So I was browsing through some old stuff, photos mainly, and I remembered that I used to have one of those 'spaces' on msn that can only be viewed through Internet Explorer (what a bitch). Reading over the few blog entries of just random jibble jabble brought back fond memories of my earlier self. Pleasant feeling it was :) Don't you just love it when that happens? Reminiscing over old times. Oh yes you do. So I decided to start writing again. Blogger you say? I WILL CONQUER THE WORLD HOR HOR HOR!
I guess I'm dedicating my first entry to the man sitting in the seat in front of me on the bus last night. I would usually look out the window but i just couldn't resist staring at him. I would say he was aged late 30s - 40, pale complexion, shaved head with glasses. He was reading the MX, which was why I was peering over in the first place. He began with the Goss and Glam section slowly flipping his way to the Games page to do the sudoku. It was a rather chilly night as I was wearing a jacket and scarf.

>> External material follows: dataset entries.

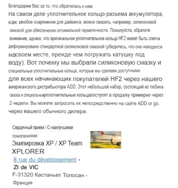 На зарубежном форуме была жалоба пользователя на протекание в воде новой катушки HF2 . Он связался с XP и получил ответ, что примерно через две недели ХР выпустят комплект уплотнительных колец с силиконовой смазкой...
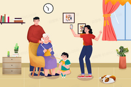 重阳节一家人在一起陪伴老人手绘插画
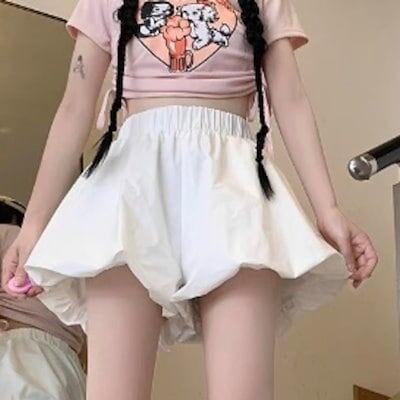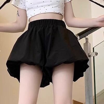 2024 春夏パンツ ショート丈 ワイド ウエストゴム ハイウエスト 脚長効果 美脚効果 細見え 夏 白 黒 カジュアル おしゃれ かわいい 韓国ファッション レディース お出かけ

I believe he felt the same which probably explains why he would begin blowing his nose into an invisible tissue. Not his hands, not his sleeve, but the air surrounding his face would've so adequately caught any mucus and boogas his nose decided to project. Disgusting man he was. As expected, his plan failed leaving him no choice but to ferociously pick snot-villa manually out of his nose. First the right nostril, then the left. I guess his pinky finger wasn't adequate enough to do the job, he needed his thumb to take over. Not to deprive the rest of his digits though, the index finger had its fair share of booga heaven not long afterward. No better way to end such a grand performance than with a perfect finale, and indeed it was. Perhaps he too saw Kevin Rudd on Youtube and decided it was okay to eat your own excrements as it is afterall, somewhat a form of recycling, for which we all should endeavour.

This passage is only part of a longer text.